Task directions ▸ A word-for-word reproduction of the data below is needed, with no pictures in it.

Source data ▸

▼

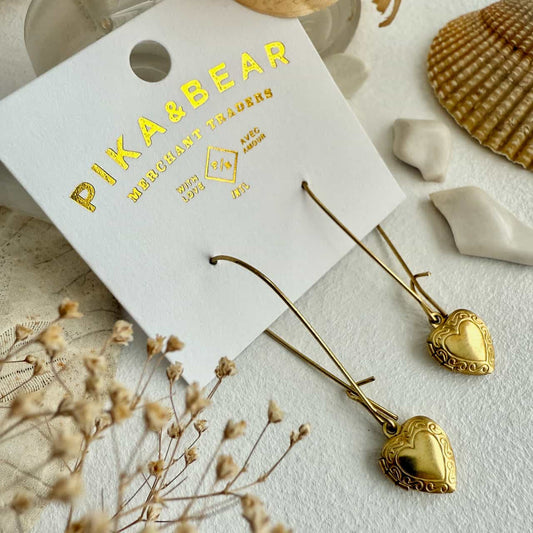 Elizabeth Vintage Heart Shaped Locket Drop Earrings in Raw Brass
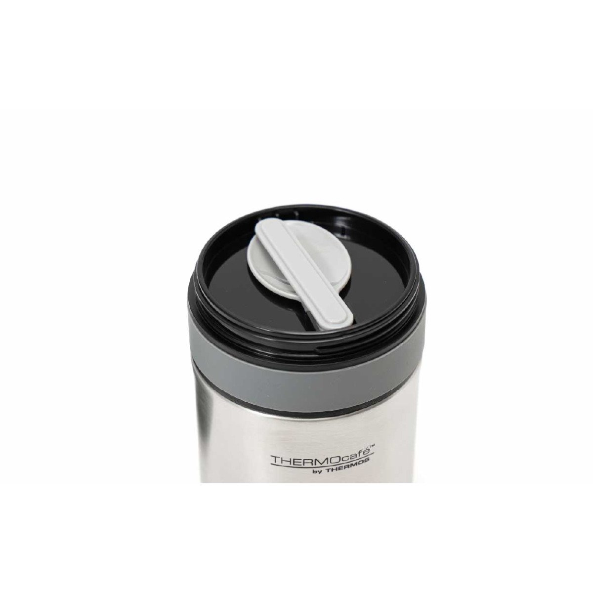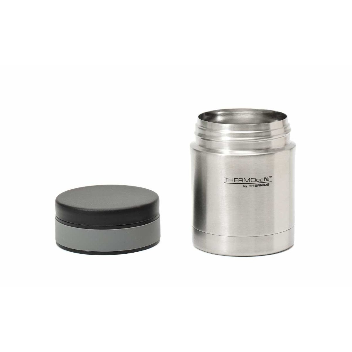 Contenedor térmico de doble pared de acero inoxidable, con aislamiento al vacío. Mantiene su contenido tanto caliente como frío, según la necesidad. Tapa a rosca, a prueba de derrames. Incluye la cuchara de plástico reutilizable en el interior. Capacidad: 350 ml.
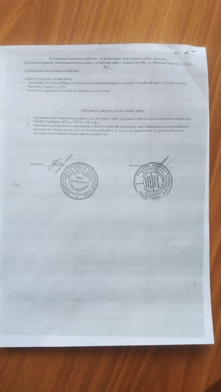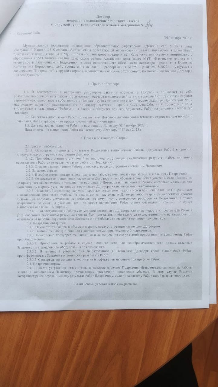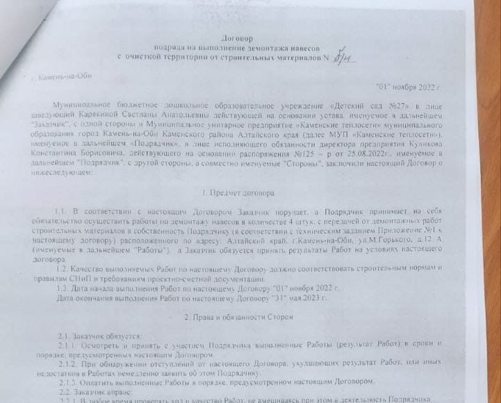 Примечательно, что контракт на демонтаж старых навесов в детском саду вообще носит безвозмездный характер с таким же пунктом — материалы забирает исполнитель контракта.
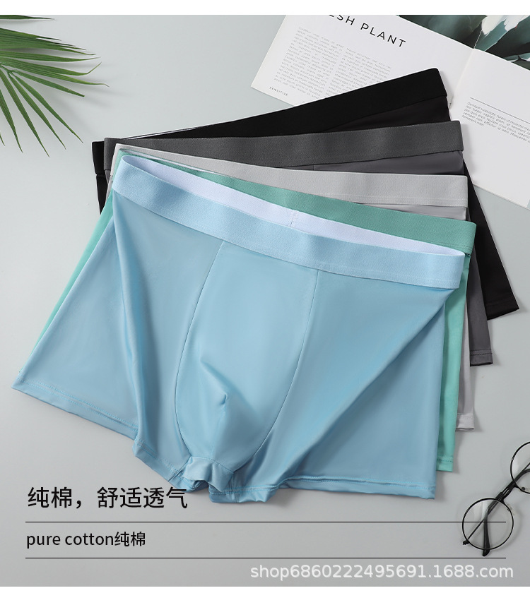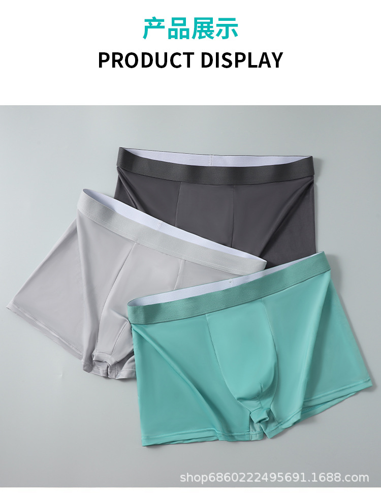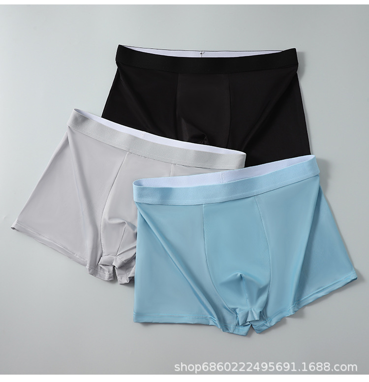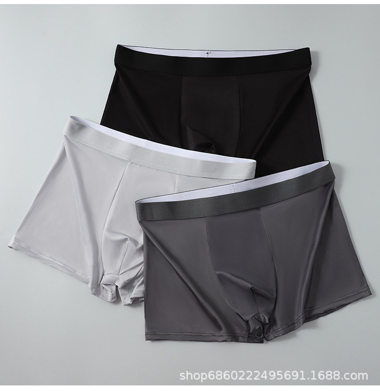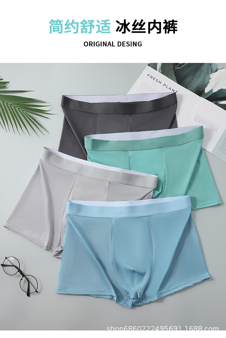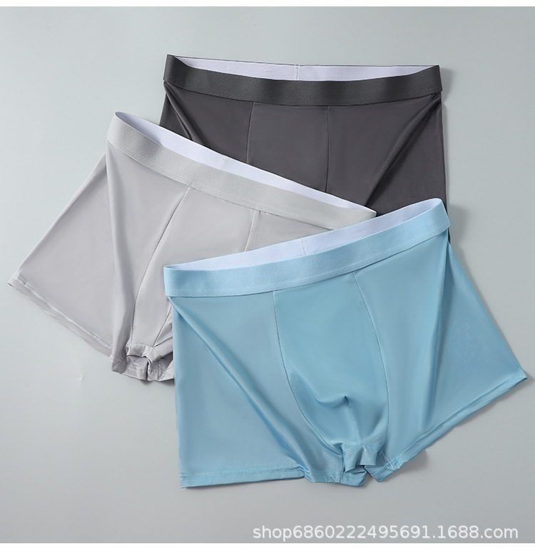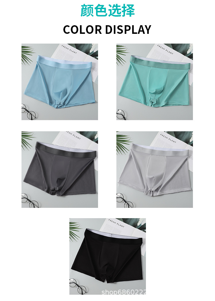 남성 속옷 남성용 아이스 실크 무봉제 여름 얇은 복서 팬티 통기성 소년 복서 스포츠 반바지 남성용

▲

Answer for the task ▸
 Elizabeth Vintage Heart Shaped Locket Drop Earrings in Raw Brass
 Contenedor térmico de doble pared de acero inoxidable, con aislamiento al vacío. Mantiene su contenido tanto caliente como frío, según la necesidad. Tapa a rosca, a prueba de derrames. Incluye la cuchara de plástico reutilizable en el interior. Capacidad: 350 ml.
 Примечательно, что контракт на демонтаж старых навесов в детском саду вообще носит безвозмездный характер с таким же пунктом — материалы забирает исполнитель контракта.
 남성 속옷 남성용 아이스 실크 무봉제 여름 얇은 복서 팬티 통기성 소년 복서 스포츠 반바지 남성용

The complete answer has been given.